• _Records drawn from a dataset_
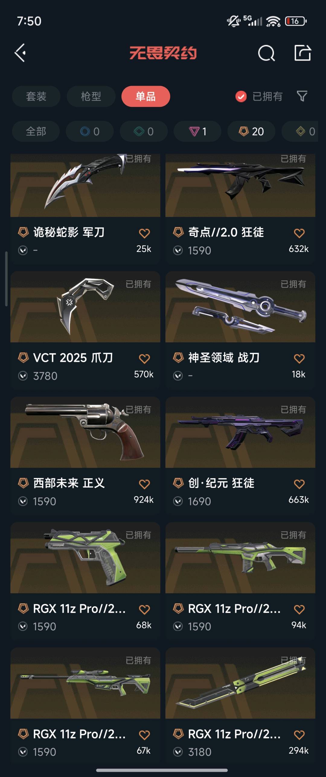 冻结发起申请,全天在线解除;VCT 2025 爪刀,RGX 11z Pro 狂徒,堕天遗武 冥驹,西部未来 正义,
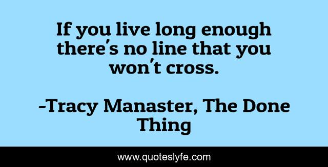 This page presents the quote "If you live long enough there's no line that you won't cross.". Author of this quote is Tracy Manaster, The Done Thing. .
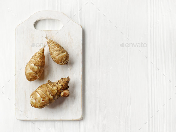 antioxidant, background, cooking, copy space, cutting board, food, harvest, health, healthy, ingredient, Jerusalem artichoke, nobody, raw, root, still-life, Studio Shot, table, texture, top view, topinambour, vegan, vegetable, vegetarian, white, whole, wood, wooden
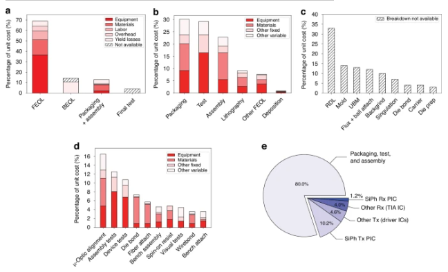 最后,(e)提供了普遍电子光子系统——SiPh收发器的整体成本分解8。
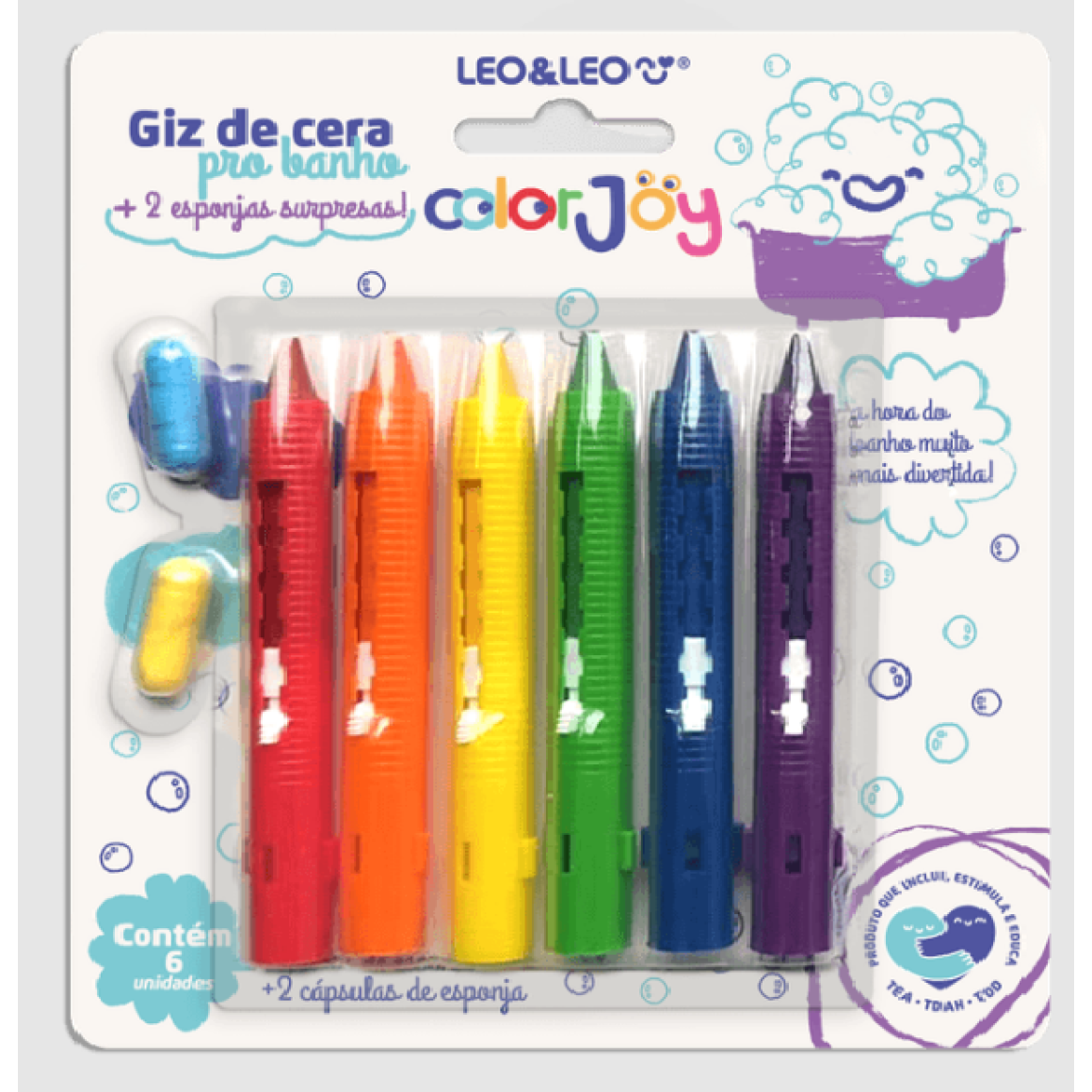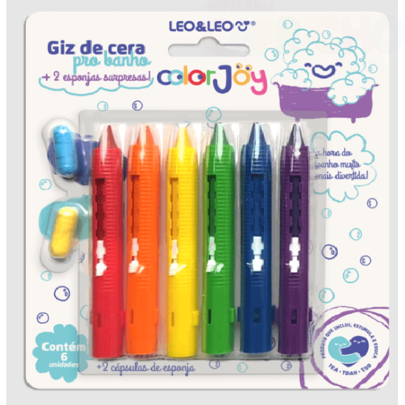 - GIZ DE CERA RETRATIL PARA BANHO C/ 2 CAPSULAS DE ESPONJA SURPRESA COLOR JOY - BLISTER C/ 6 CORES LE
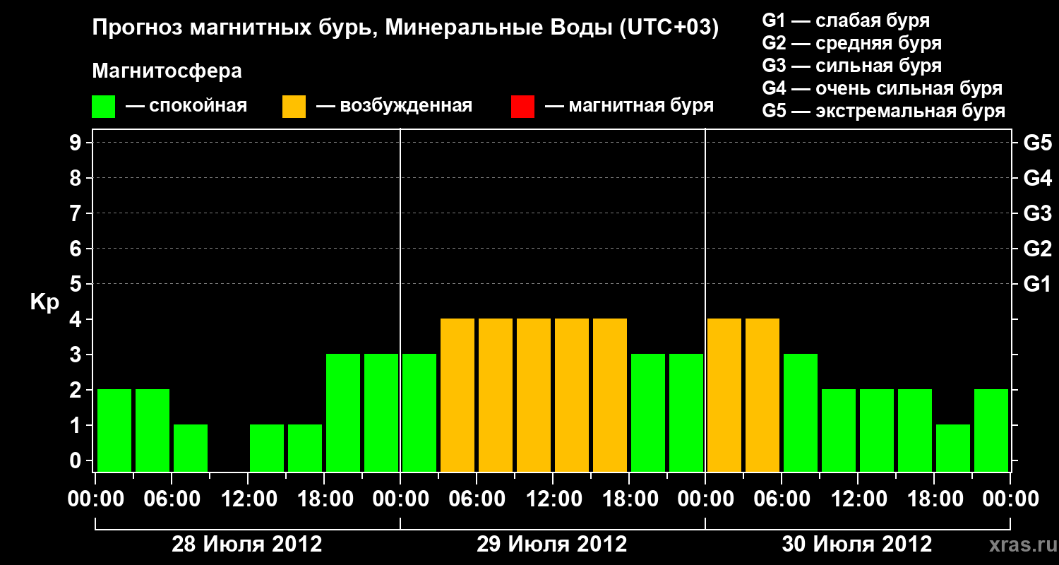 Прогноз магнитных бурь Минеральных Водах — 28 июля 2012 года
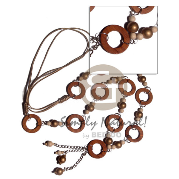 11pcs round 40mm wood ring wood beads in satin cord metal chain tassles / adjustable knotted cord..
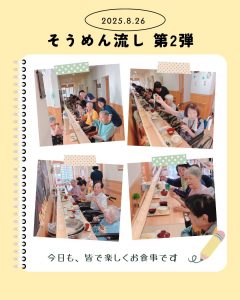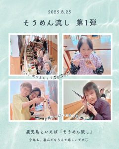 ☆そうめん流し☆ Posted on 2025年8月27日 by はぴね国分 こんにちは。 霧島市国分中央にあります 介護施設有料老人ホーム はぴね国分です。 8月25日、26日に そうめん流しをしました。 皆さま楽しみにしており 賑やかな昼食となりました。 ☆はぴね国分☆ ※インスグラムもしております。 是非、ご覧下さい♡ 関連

--

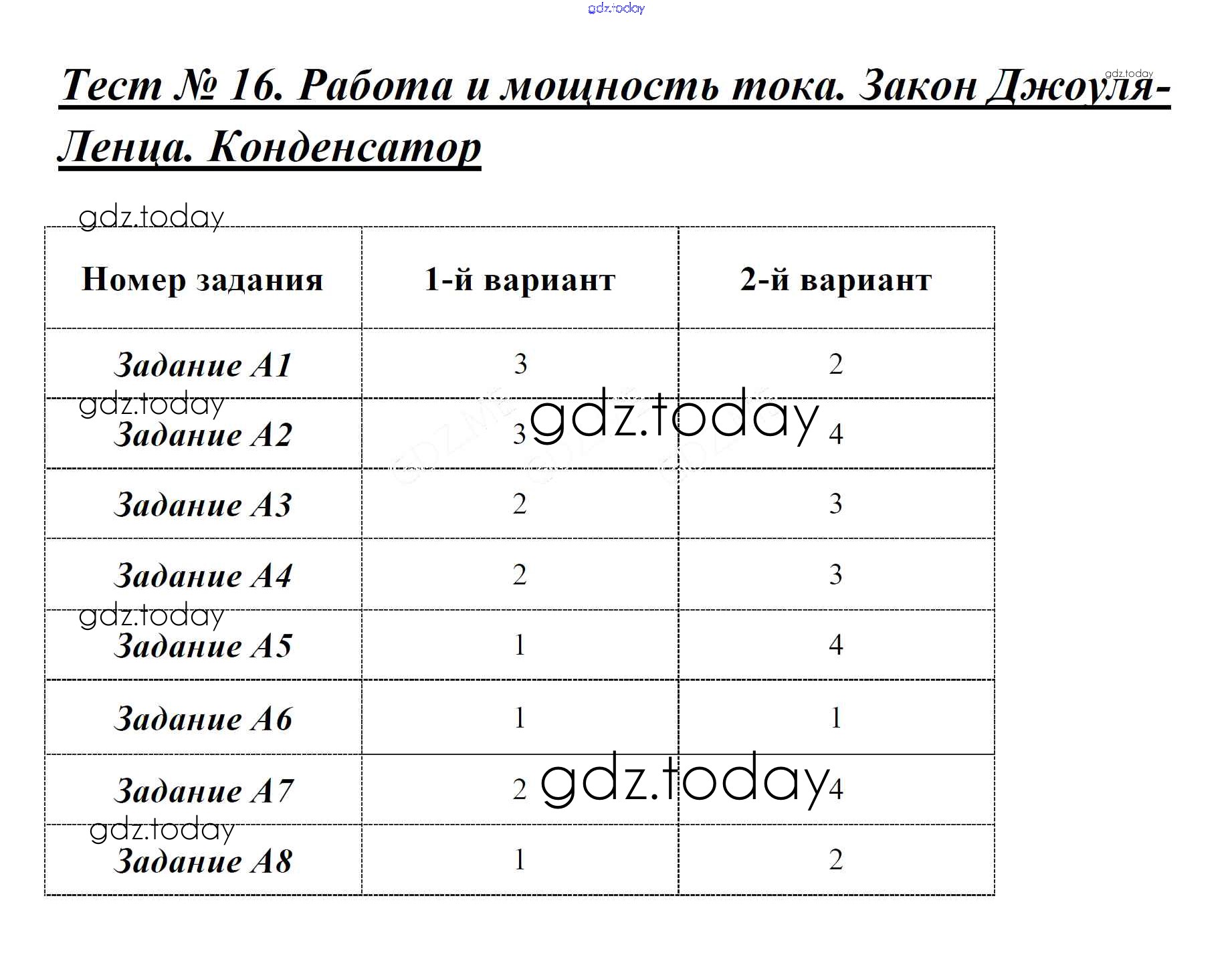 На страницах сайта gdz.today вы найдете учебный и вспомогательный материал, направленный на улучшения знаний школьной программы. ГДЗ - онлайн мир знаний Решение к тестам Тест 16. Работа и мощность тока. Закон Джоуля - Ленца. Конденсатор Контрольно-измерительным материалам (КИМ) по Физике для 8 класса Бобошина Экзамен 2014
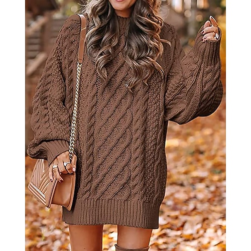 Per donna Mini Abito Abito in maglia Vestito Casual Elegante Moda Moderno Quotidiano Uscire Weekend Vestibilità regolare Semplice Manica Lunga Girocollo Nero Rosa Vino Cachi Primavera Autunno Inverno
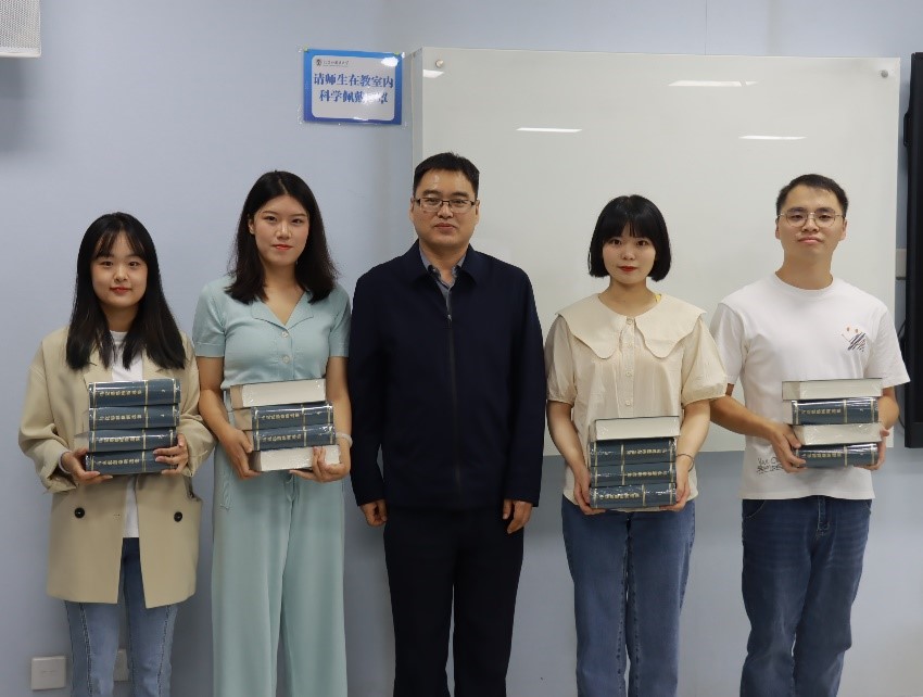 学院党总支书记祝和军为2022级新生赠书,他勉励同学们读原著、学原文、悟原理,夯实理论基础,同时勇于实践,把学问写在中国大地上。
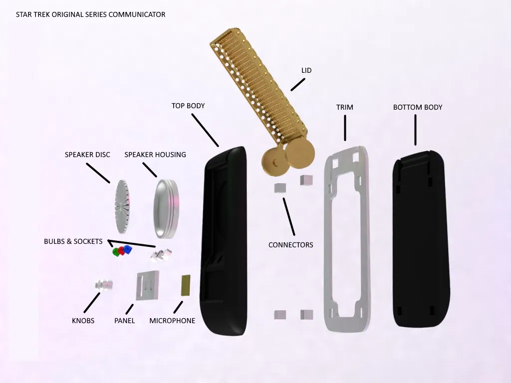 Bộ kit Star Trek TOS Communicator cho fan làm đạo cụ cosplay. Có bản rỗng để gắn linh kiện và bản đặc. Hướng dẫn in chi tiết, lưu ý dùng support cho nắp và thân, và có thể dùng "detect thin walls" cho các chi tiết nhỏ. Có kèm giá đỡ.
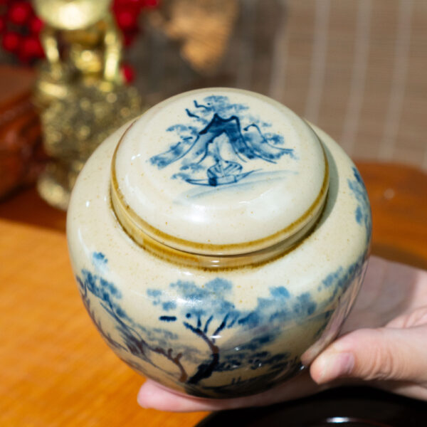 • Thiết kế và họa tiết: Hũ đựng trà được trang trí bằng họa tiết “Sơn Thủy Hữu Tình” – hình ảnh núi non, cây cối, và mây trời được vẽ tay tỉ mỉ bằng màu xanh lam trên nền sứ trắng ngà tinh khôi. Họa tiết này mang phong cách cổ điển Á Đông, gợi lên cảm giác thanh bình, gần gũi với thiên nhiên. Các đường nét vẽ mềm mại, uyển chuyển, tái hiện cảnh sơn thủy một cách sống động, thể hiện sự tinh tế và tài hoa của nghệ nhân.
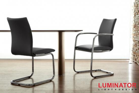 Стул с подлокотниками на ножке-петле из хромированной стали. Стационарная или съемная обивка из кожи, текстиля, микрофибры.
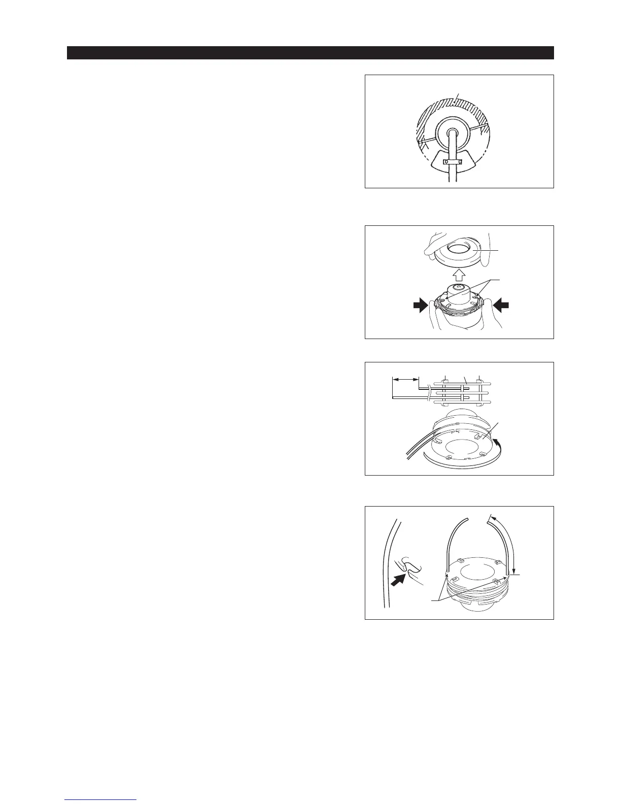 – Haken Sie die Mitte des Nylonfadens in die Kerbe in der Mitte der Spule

• _Directions for this task_
Copy only the lines above from the one containing "冻结发起申请,全天在线解除;VCT 2025 爪刀,RGX" through the one containing "This page presents", both included. Leave out the pictures.

• _Answer below_
 冻结发起申请,全天在线解除;VCT 2025 爪刀,RGX 11z Pro 狂徒,堕天遗武 冥驹,西部未来 正义,
 This page presents the quote "If you live long enough there's no line that you won't cross.". Author of this quote is Tracy Manaster, The Done Thing. .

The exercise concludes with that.